Thursday, January 17, 2008

Every Good and Perfect Gift

Life, in all its forms and approaches, is always precious but not always easy. Author Sharon Souza digs into some difficult issues - infertility and Alzheimer's - in her new book, Every Good and Perfect Gift.

Enjoy an interview with Sharon:

Your debut novel Every Good & Perfect Gift is releasing this month from Nav Press. Can you tell us a little about the book?

DeeDee and Gabby have been friends since the sixth grade, when headstrong and courageous DeeDee began mapping out their lives. But after twenty years with her husband DeeDee changes her plan. Nearing forty years old, she wants a baby - now! Two years of infertility, prayers, and outrageous behavior finally results in the birth of DeeDee's demand.

Gabby is present for all of it, noting the increasingly strange behavior of her lifelong friend after the baby's birth. Then comes a diagnosis that threatens to shatter their world. Gabby must find the strength and faith to carry DeeDee and herself through the dark unknown, but is she up for it?

What inspired you to write Every Good & Perfect Gift?

I wanted to write a book about a "Jonathan and David" type friendship between two women, knowing that I was ultimately going to tell the story of a young woman who is diagnosed with Early Onset Alzheimer's. I have a close friend who, at the age of 42, began to exhibit many of the symptoms portrayed in the book. Since completing the book I've learned that another close friend has been diagnosed with EOA. What are the odds?

In determining what course the friendship between Gabby and DeeDee would take, I asked myself: What is the greatest way one woman can express friendship to another? The answer: By helping her have a child if she's unable to, which one character is willing to do if it comes to that.
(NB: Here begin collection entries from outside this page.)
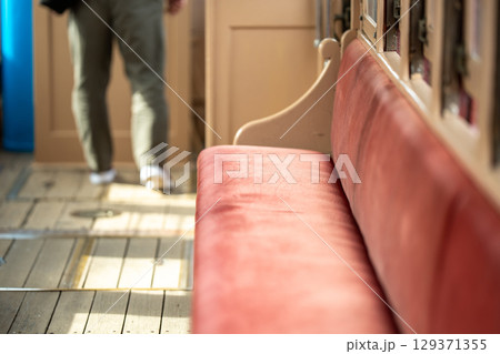 三重県いなべ市 阿下喜駅に停車中の西桑名行きの三岐鉄道歴史電車の車内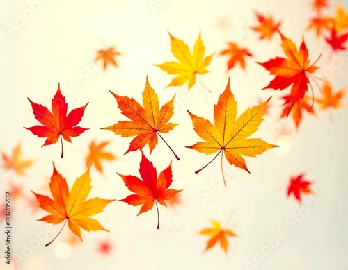 © Eva, Obraz premium Falling autumn leaves, including orange, red, and yellow maple leaves, on a white background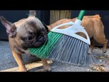 French Bulldog Playfully Stops Person From Brooming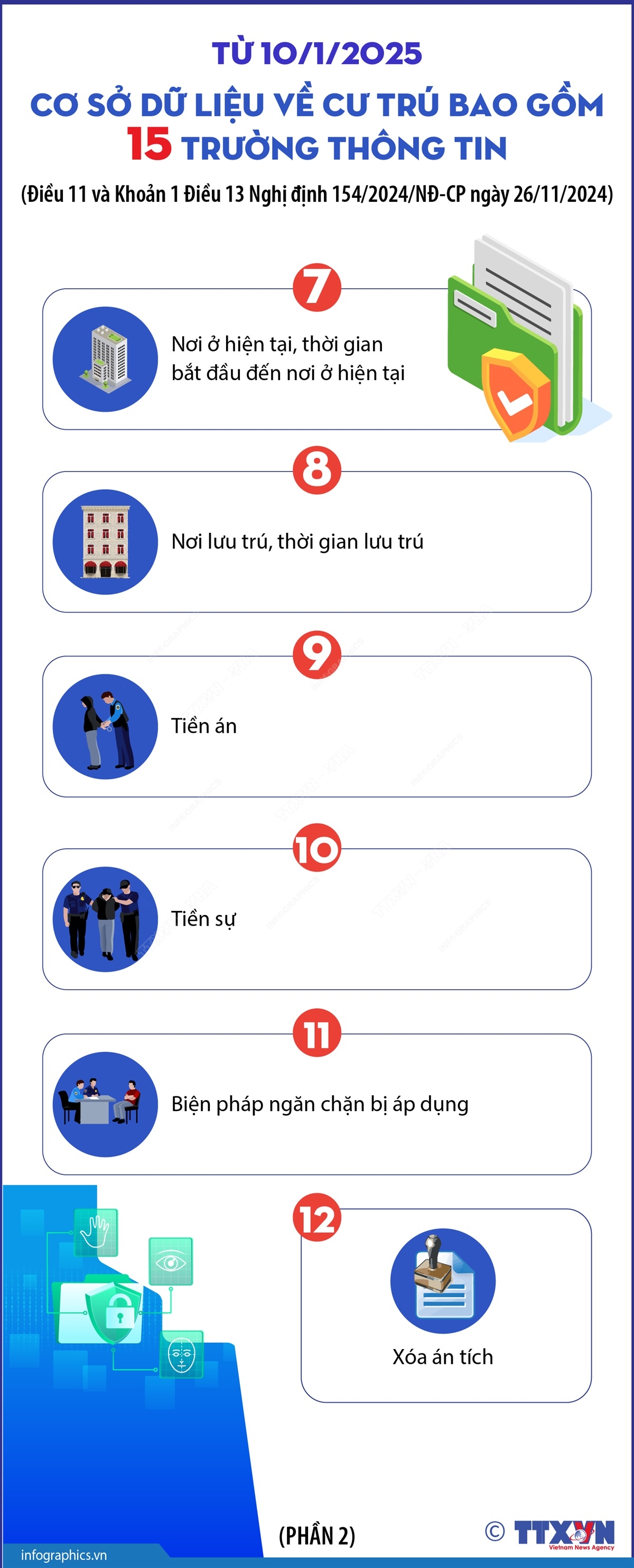 Phổ biến giáo dục Pháp luậtThông tin đồ họa Từ 10/1/2025: Cơ sở dữ liệu về cư trú bao gồm 15 trường thông tin (phần 2) Thứ tư, 15/01/2025 15:11 Theo quy định mới nhất tại Điều 11 và Khoản 1 Điều 13 Nghị định 154/2024/NĐ-CP ngày 26/11/2024 quy định chi tiết một số điều và biện pháp thi hành Luật Cư trú, từ 10/1/2025, Cơ sở dữ liệu về cư trú của công dân gồm 15 trường thông tin: Số hồ sơ cư trú; Thông tin quy định tại khoản 1 đến khoản 15, khoản 21 đến khoản 25 Điều 9 và khoản 4 Điều 15 Luật Căn cước; Tên gọi khác; Nơi thường trú, thời gian bắt đầu đến thường trú, lý do, thời điểm xóa đăng ký thường trú; Nơi tạm trú, thời gian bắt đầu đến tạm trú, thời gian tạm trú, lý do, thời điểm xóa đăng ký tạm trú… Thông tin trong Cơ sở dữ liệu về cư trú được thu thập, cập nhật, điều chỉnh từ các nguồn sau đây: Thông tin được chia sẻ, đồng bộ từ Cơ sở dữ liệu quốc gia về dân cư, Cơ sở dữ liệu căn cước và cơ sở dữ liệu quốc gia, cơ sở dữ liệu chuyên ngành khác; Từ tàng thư do lực lượng Công an nhân dân quản lý; hồ sơ đăng ký, quản lý cư trú; kết quả giải quyết thủ tục hành chính, dịch vụ công; Thông tin được số hóa, cung cấp bởi tổ chức, cá nhân và Thông tin từ các nguồn khác theo quy định pháp luật.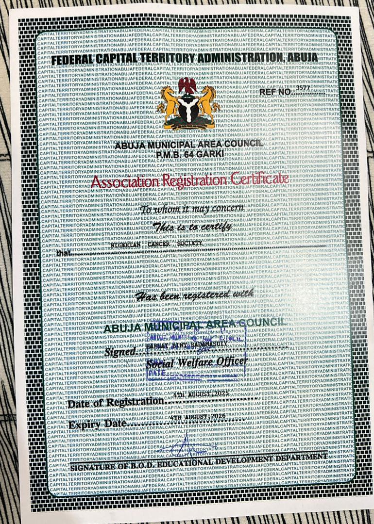 The Nigerian Cancer Society is dedicated to eliminating cancer as a major health problem through prevention, advocacy, research, and training.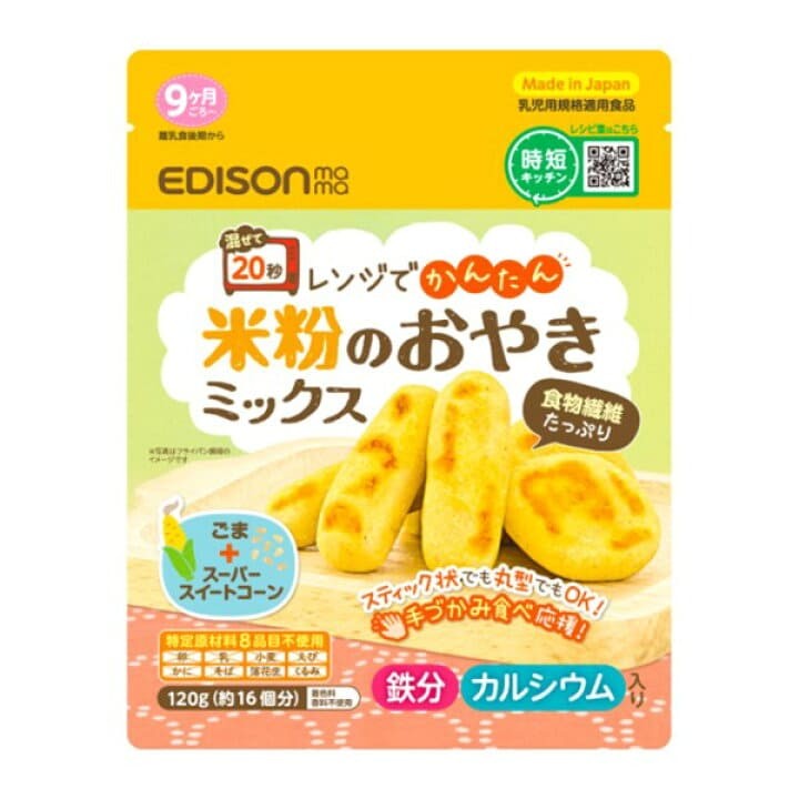 日本Edison Mama 甜玉米芝麻钙铁混合米粉快捷蛋糕粉(9个月+)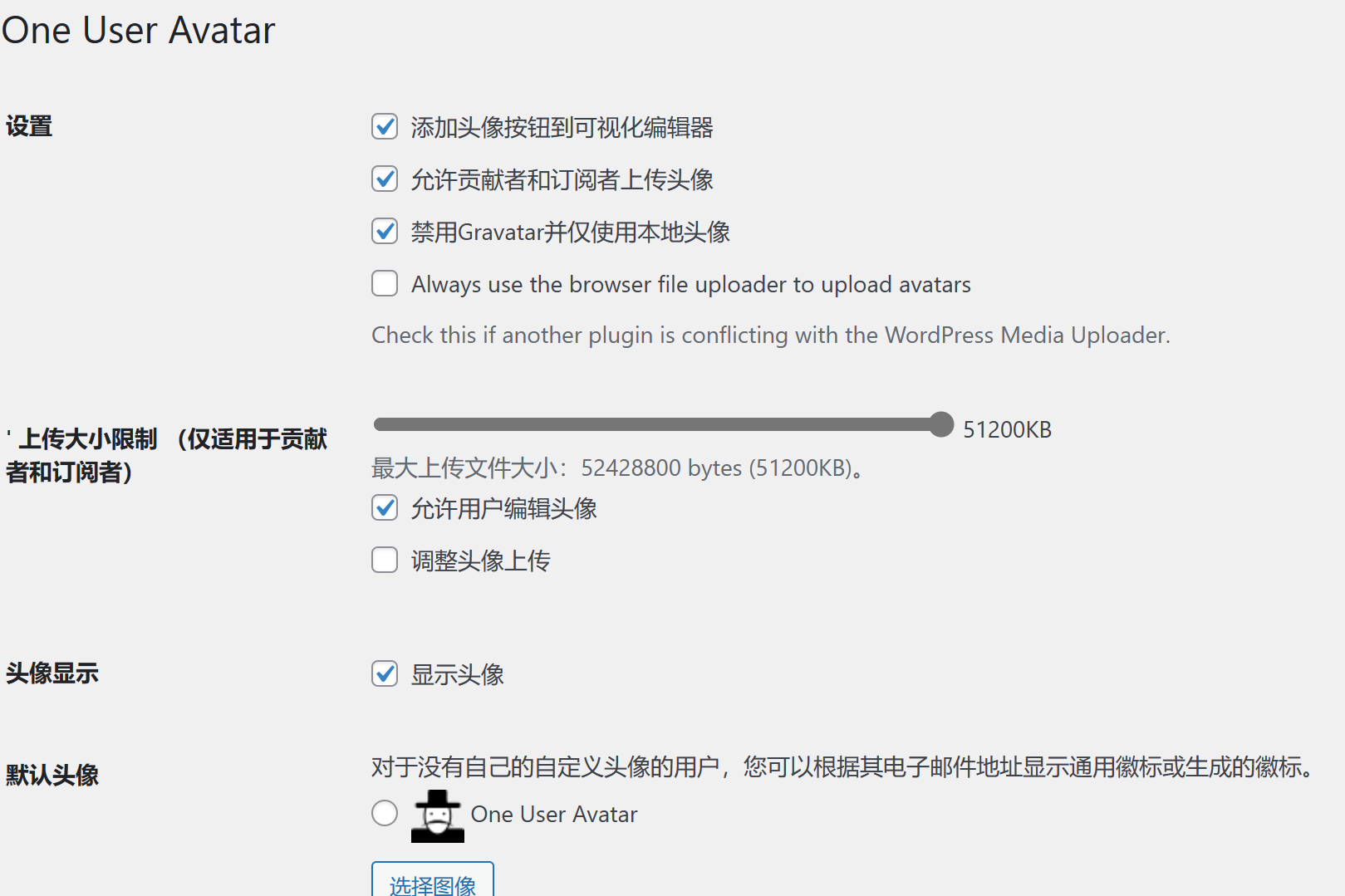 可解决部分主题不能正常显示Avtar头像的问题,并允许设置默认头像,用户上传本地图片作为头像。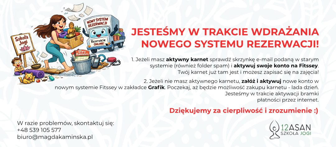 Szkoła jogi 12 asan to miejsce, w którym możesz nauczyć się praktyki jogi od podstaw. Tworzymy kameralną przestrzeń, w której chcemy, abyś poczuł się jak u siebie. U nas możesz się rozwijać na wszystkich poziomach. Twoje ciało będzie się stawać silne i elastyczne, a umysł czysty i skoncentrowany. Znajdziesz tutaj przestrzeń na pełen relaks, dzięki któremu możesz odnaleźć spokój wewnętrzny. Zapraszamy Cię we wspólną podróż do poznania jogi.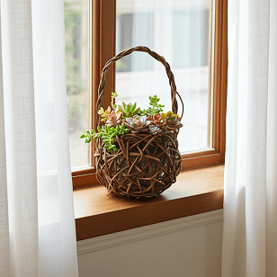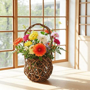 ※かごの中に収まる花瓶の直径サイズは10cm程度です。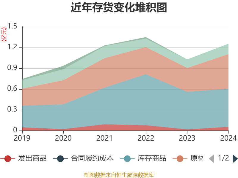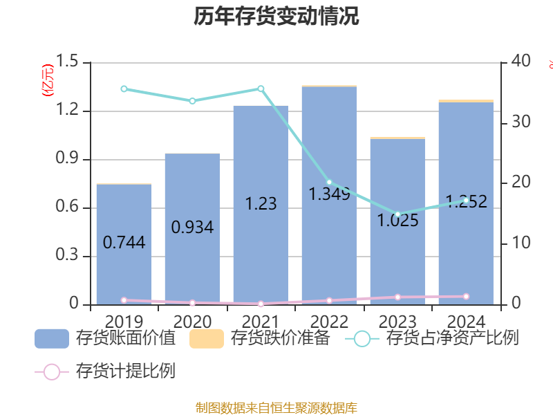 从存货变动来看,截至2024年末,公司存货账面价值为1.25亿元,占净资产的17.18%,较上年末增加2268.62万元。其中,存货跌价准备为164.3万元,计提比例为1.3%。

You've incorporated two major issues in Every Good & Perfect Gift: infertility and Early Onset Alzheimer's. Why not focus on one or the other? Why both?

The theme of Gift is extraordinary friendship. The foundation for the friendship is established between the characters in their childhood, tested through the issue of infertility, and exemplified through catastrophic illness. Infertility was the catalyst to get to that level of friendship expressed because of the illness. One character's growth was accomplished because of infertility, while the other character's growth came as a result of the Alzheimer's.

Why did you use humor to tell a story with such serious issues?

It's exactly because the issues are so serious that I chose humor to tell the story. Our life experiences are heavy enough without adding to them as we read for pleasure. That's not to say there aren't serious moments in the book, but hopefully the reader is buoyed by the lighter sections, rather than overloaded with the weightier ones.